- **Work to complete**
Reproduce the line with "由圖1可以看出,引發劑用量為" and everything after it in the listing below, exactly, both ends included. No pictures.

- **Data extract**
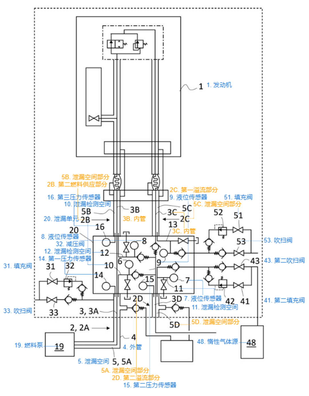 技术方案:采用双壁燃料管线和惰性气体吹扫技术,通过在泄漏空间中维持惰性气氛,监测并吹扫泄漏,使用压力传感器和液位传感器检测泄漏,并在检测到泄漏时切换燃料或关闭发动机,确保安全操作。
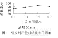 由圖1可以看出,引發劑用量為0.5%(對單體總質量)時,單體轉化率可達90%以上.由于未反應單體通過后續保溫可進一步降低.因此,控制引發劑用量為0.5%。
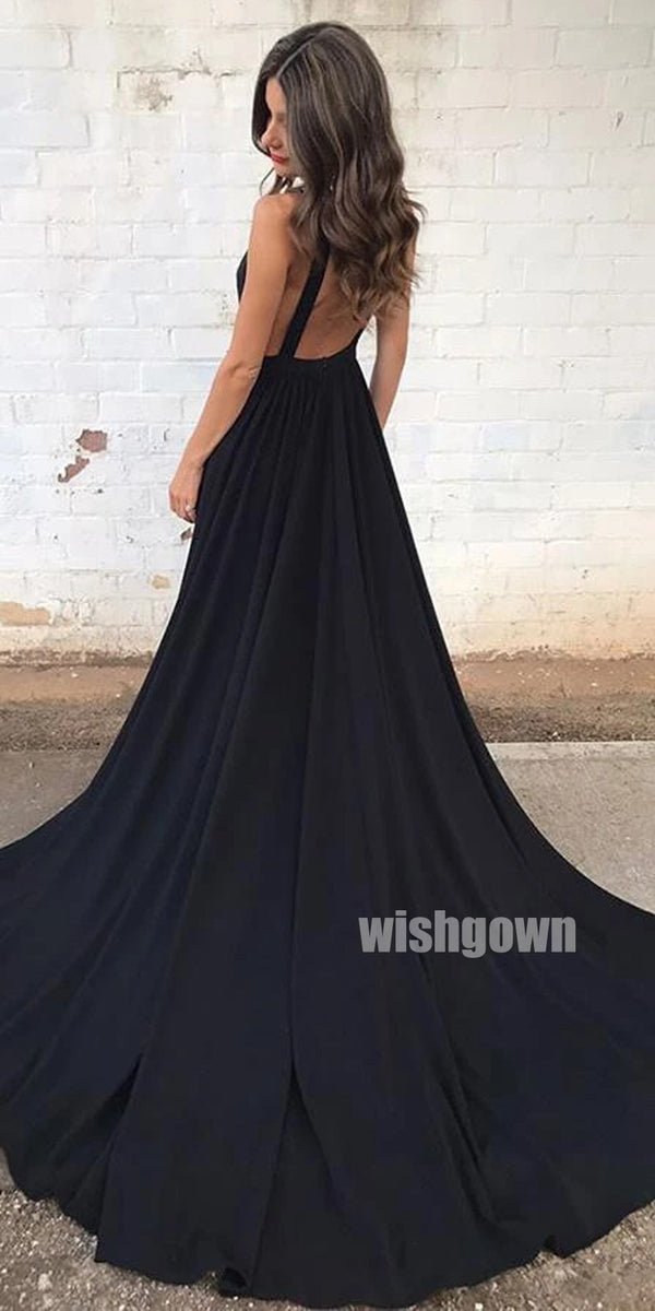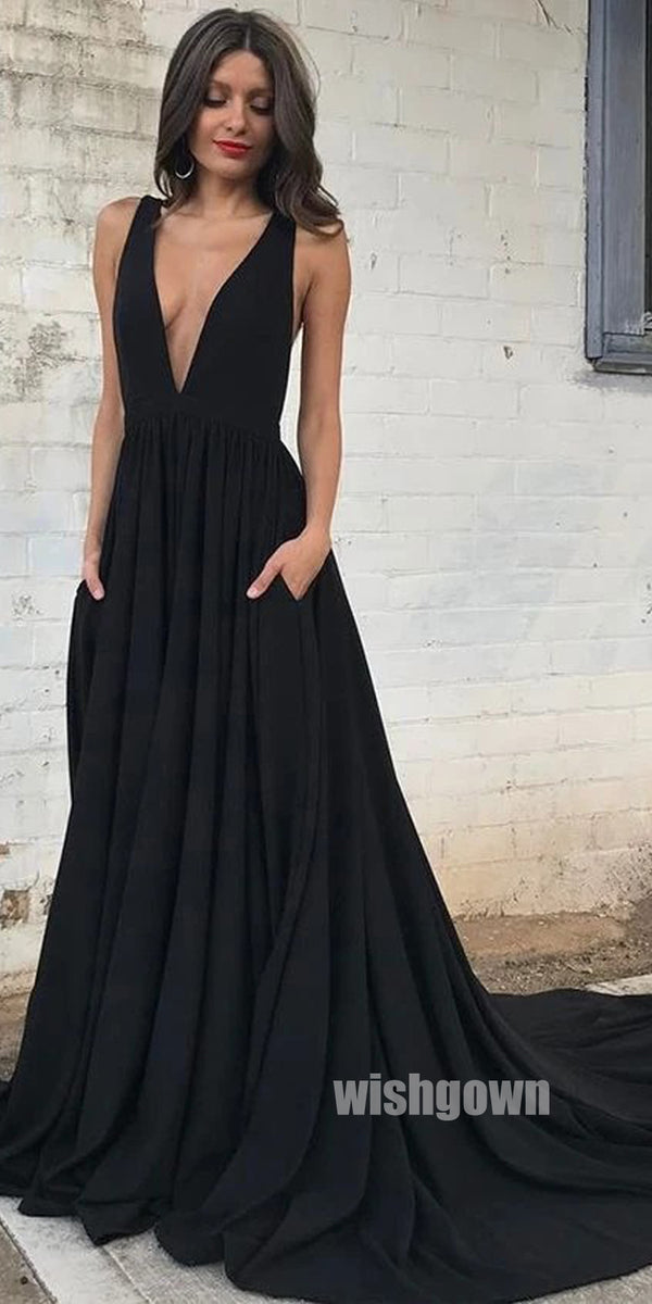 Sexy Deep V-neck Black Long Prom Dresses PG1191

- **Exercise result**
 由圖1可以看出,引發劑用量為0.5%(對單體總質量)時,單體轉化率可達90%以上.由于未反應單體通過后續保溫可進一步降低.因此,控制引發劑用量為0.5%。
 Sexy Deep V-neck Black Long Prom Dresses PG1191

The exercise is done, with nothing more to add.